HOW TO COMPLETE THIS TASK
Take the lines from the head of the listing through the one bearing "В отдельно стоящем" and copy them exactly, leaving every picture out.

RECORDS SUPPLIED

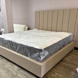 Brand new beige/cream upholstered fabric platform king and queen size bed frame/headboard - opt mattress | Pay after delivery ๐$375Atlanta, GA
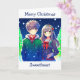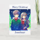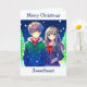 Christmas card with a cute anime couple with a snowy pine tree background.
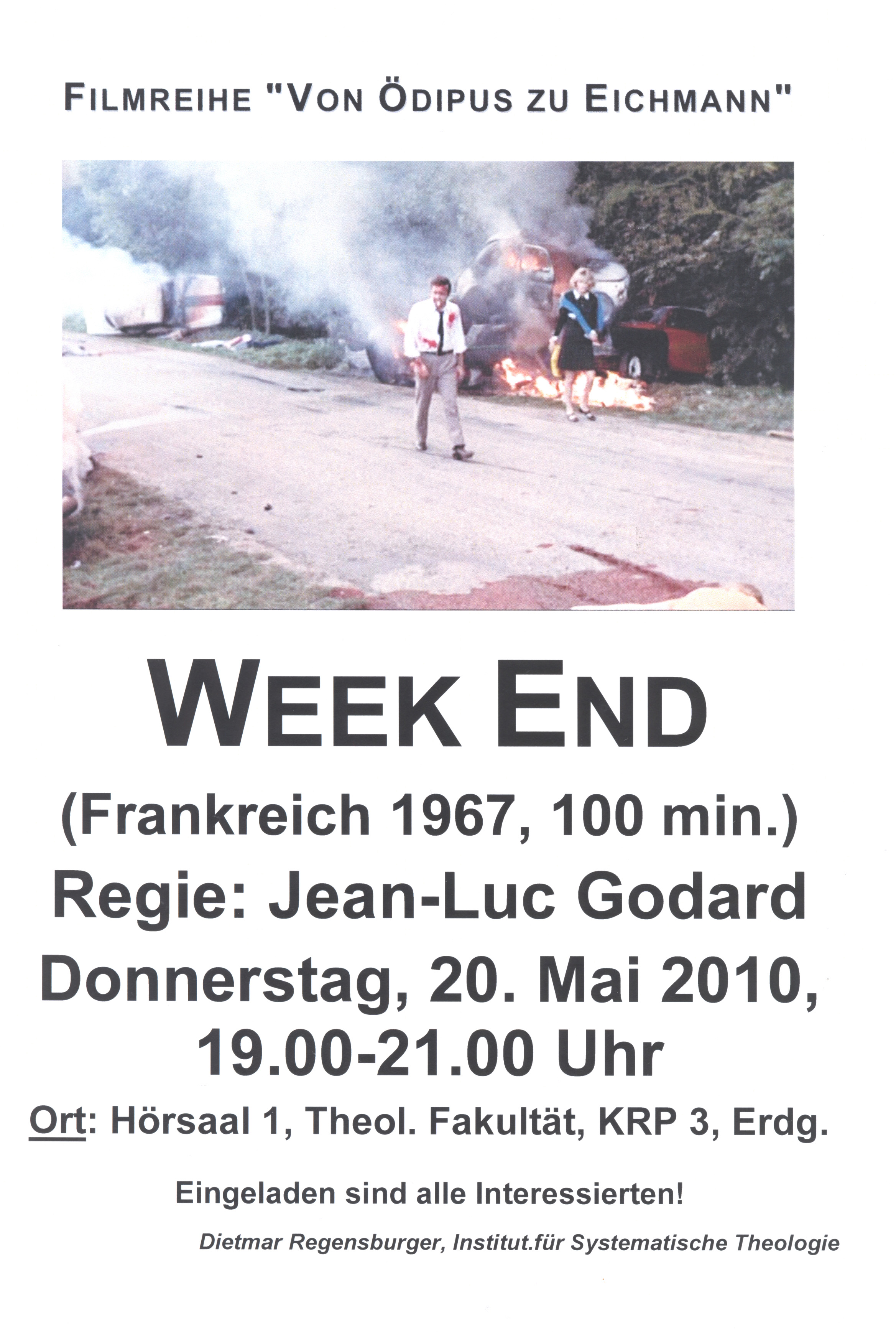 - 20. Mai 2010, 19.00-21.00 Uhr: Filmvorführung "WEEK END" aus der Filmreihe "Von Ödipus zu Eichmann" im Hörsaal 1 der Theologischen Fakultät (Karl-Rahner-Platz 3, Parterre)
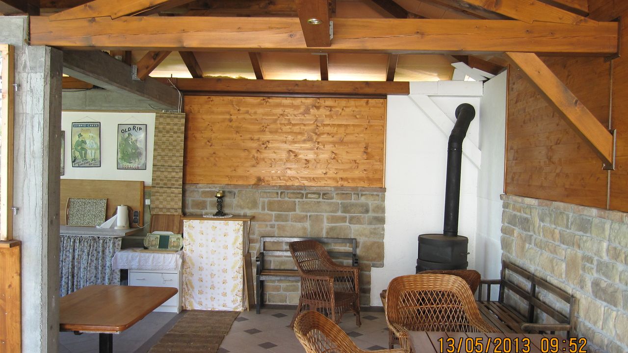 В отдельно стоящем здании находится летняя площадка с кухней и камином и крытой террасой.
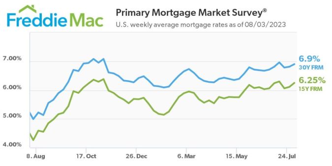 La hipoteca de tasa fija a 30 años promedió 6.90% al 3 de agosto de 2023, frente a la semana pasada cuando promedió 6.81%. Hace un año en este momento, el FRM de 30 años promedió 4.99%.
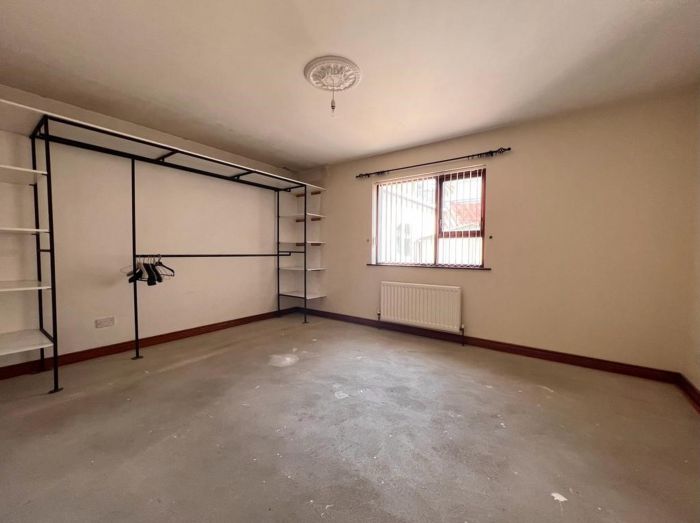 With part tiled & part wooden floor, storage cupboard, hot Press.

ANSWER SPACE
 Brand new beige/cream upholstered fabric platform king and queen size bed frame/headboard - opt mattress | Pay after delivery ๐$375Atlanta, GA
 Christmas card with a cute anime couple with a snowy pine tree background.
 - 20. Mai 2010, 19.00-21.00 Uhr: Filmvorführung "WEEK END" aus der Filmreihe "Von Ödipus zu Eichmann" im Hörsaal 1 der Theologischen Fakultät (Karl-Rahner-Platz 3, Parterre)
 В отдельно стоящем здании находится летняя площадка с кухней и камином и крытой террасой.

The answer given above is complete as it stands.